### What is needed
When you copy the material below, keep every line exact and omit the pictures.

### Recorded data
=-=-=
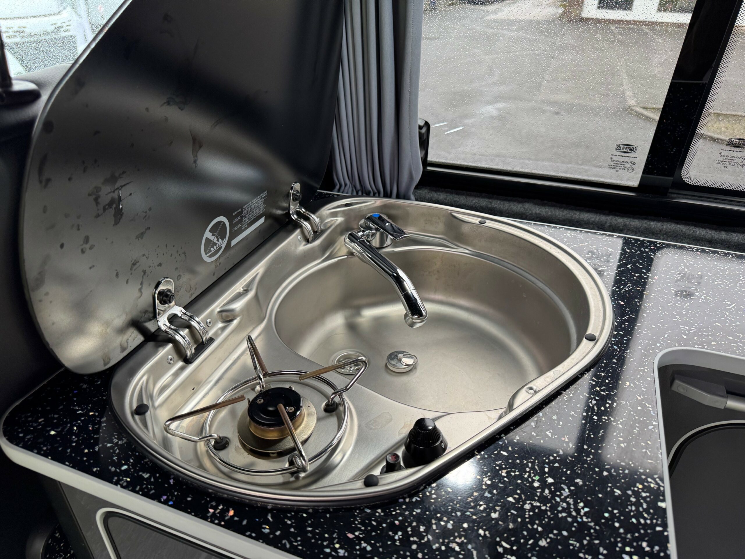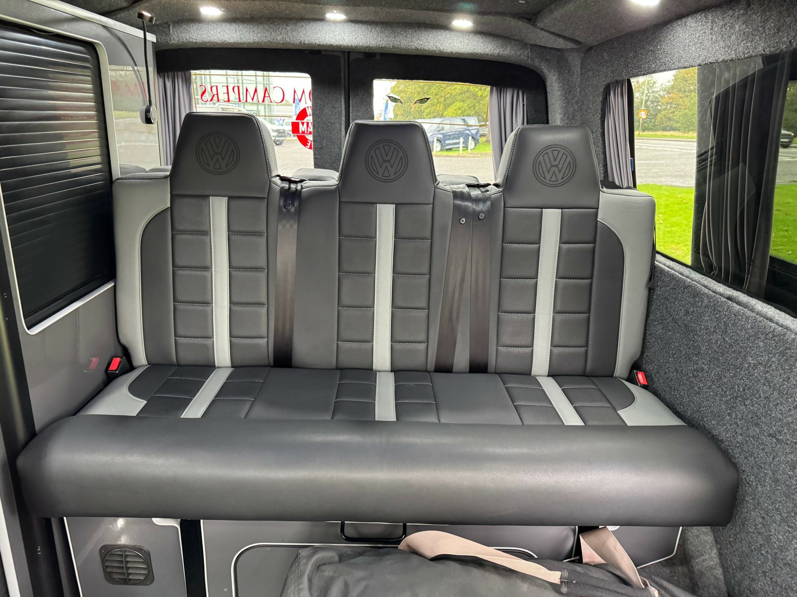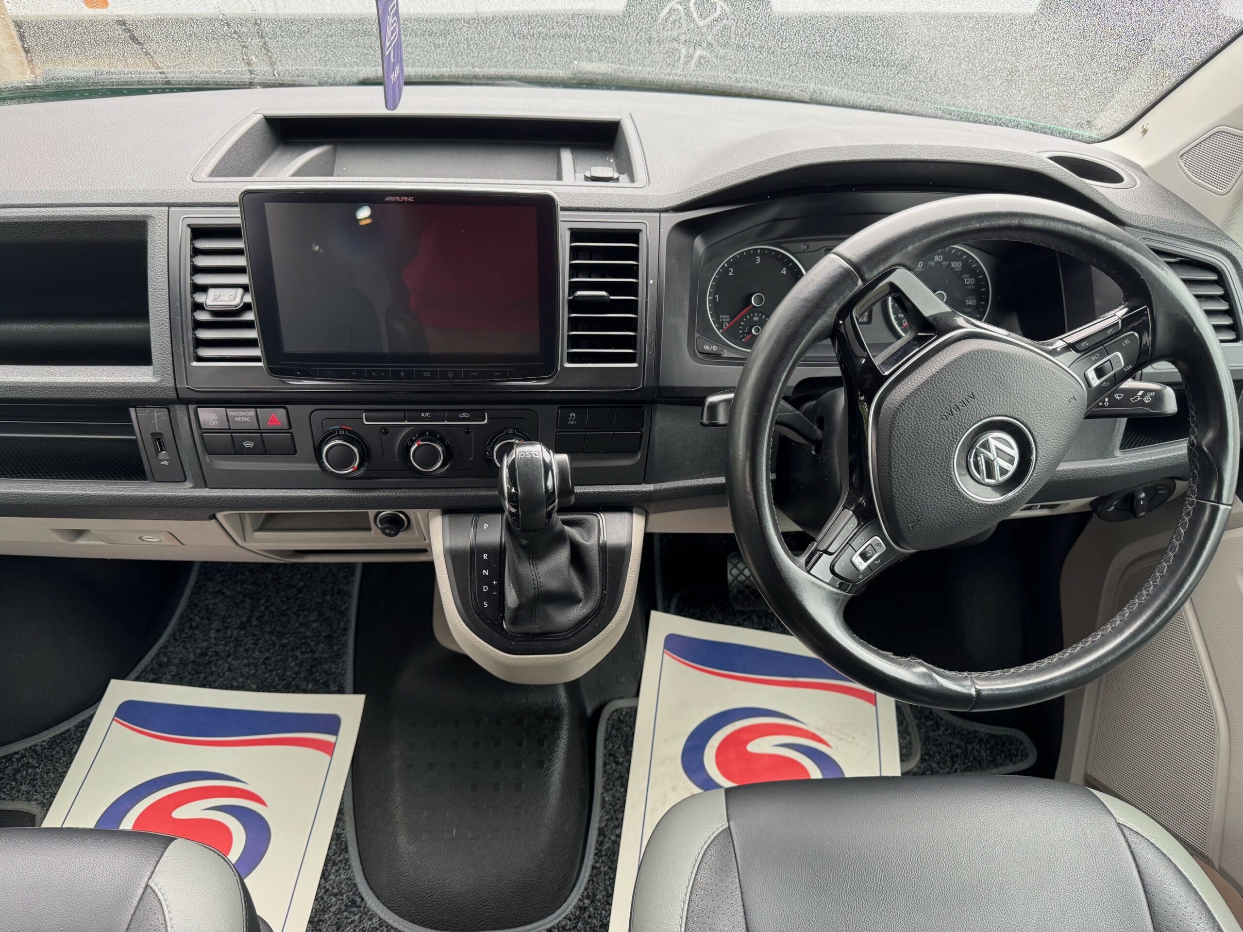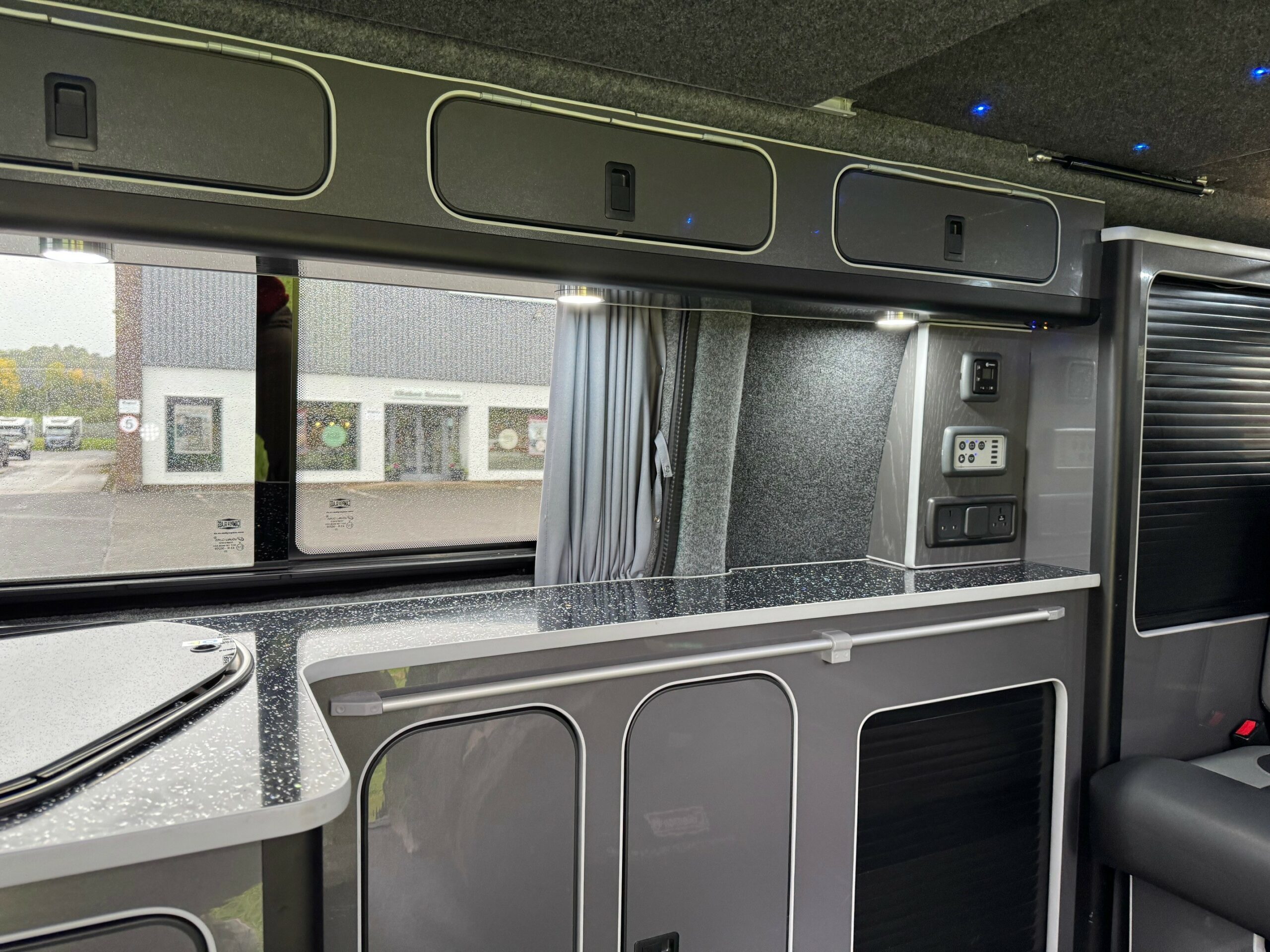 Stunning body kit and metallic green paint! Everything down to the last detail has been exceptionally thought out. This is a 5 belt 4 berth with rock n roll bed and pop up roof. Blown air gas heating system. Solar Panel. AWD. Automatic DSG Gearbox. Awning. Air Awning. Rear Camera & Sensors.
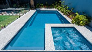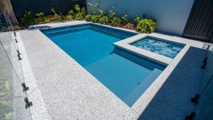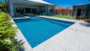 This expansive 8.6m x 4.4m Brooklyn pool in Hampton Grey Shimmer makes a bold statement in this Wembley backyard. With its clean lines and generous proportions, it’s perfect for swimming, entertaining, and enjoying the outdoors in style. The Hampton Grey Shimmer finish gives the water a sleek, silvery-blue tone that enhances the modern aesthetic while blending beautifully with the surrounding landscape. A stunning centrepiece, this pool is ideal for contemporary family living in Wembley.
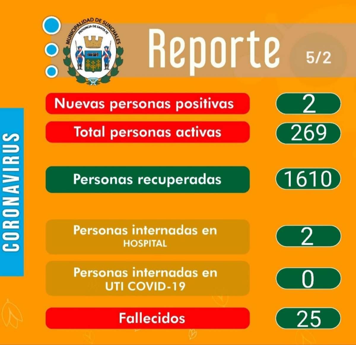 Interés general Covid19: Viernes con dos nuevos positivos 06/02/2021 Por Redacción SH 41 Compartir FacebookXWhatsAppEmail Las bajas cifras diarias de nuevos casos positivos continúa extendiéndose y en el Reporte de este viernes se informaron solamente dos nuevos casos positivos activos, llevando el total a 269 personas. TemasCoronavirusCovid19 Compartir FacebookXWhatsAppEmail Relacionadas Covid19: Comienzan a colocar la vacuna bivalente 06/02/2023 Un año de crecimiento pero con materias pendientes 31/12/2022 Covid19: La Provincia pidió usar el barbijo en el transporte de corta y larga distancia 17/12/2022 Ultimas noticias AMB – F5: Libertad y una victoria agónica que vale la punta del campeonato 11/04/2026 Litoral Gas define su hoja de ruta para concluir el Gasoducto que llegará a Sunchales 11/04/2026 A 230 años de la creación del Fuerte 11/04/2026
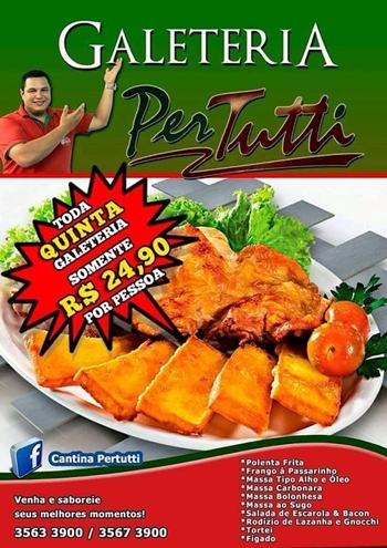 Agora, toda quinta-feira a Pizzaria e Galeteria Pertutti, traz uma promoção super bacana para seus clientes. Pagando apenas R$24,90 você saboreia os melhores pratos da galeteria.
=-=-=
### Reply
 Stunning body kit and metallic green paint! Everything down to the last detail has been exceptionally thought out. This is a 5 belt 4 berth with rock n roll bed and pop up roof. Blown air gas heating system. Solar Panel. AWD. Automatic DSG Gearbox. Awning. Air Awning. Rear Camera & Sensors.
 This expansive 8.6m x 4.4m Brooklyn pool in Hampton Grey Shimmer makes a bold statement in this Wembley backyard. With its clean lines and generous proportions, it’s perfect for swimming, entertaining, and enjoying the outdoors in style. The Hampton Grey Shimmer finish gives the water a sleek, silvery-blue tone that enhances the modern aesthetic while blending beautifully with the surrounding landscape. A stunning centrepiece, this pool is ideal for contemporary family living in Wembley.
 Interés general Covid19: Viernes con dos nuevos positivos 06/02/2021 Por Redacción SH 41 Compartir FacebookXWhatsAppEmail Las bajas cifras diarias de nuevos casos positivos continúa extendiéndose y en el Reporte de este viernes se informaron solamente dos nuevos casos positivos activos, llevando el total a 269 personas. TemasCoronavirusCovid19 Compartir FacebookXWhatsAppEmail Relacionadas Covid19: Comienzan a colocar la vacuna bivalente 06/02/2023 Un año de crecimiento pero con materias pendientes 31/12/2022 Covid19: La Provincia pidió usar el barbijo en el transporte de corta y larga distancia 17/12/2022 Ultimas noticias AMB – F5: Libertad y una victoria agónica que vale la punta del campeonato 11/04/2026 Litoral Gas define su hoja de ruta para concluir el Gasoducto que llegará a Sunchales 11/04/2026 A 230 años de la creación del Fuerte 11/04/2026
 Agora, toda quinta-feira a Pizzaria e Galeteria Pertutti, traz uma promoção super bacana para seus clientes. Pagando apenas R$24,90 você saboreia os melhores pratos da galeteria.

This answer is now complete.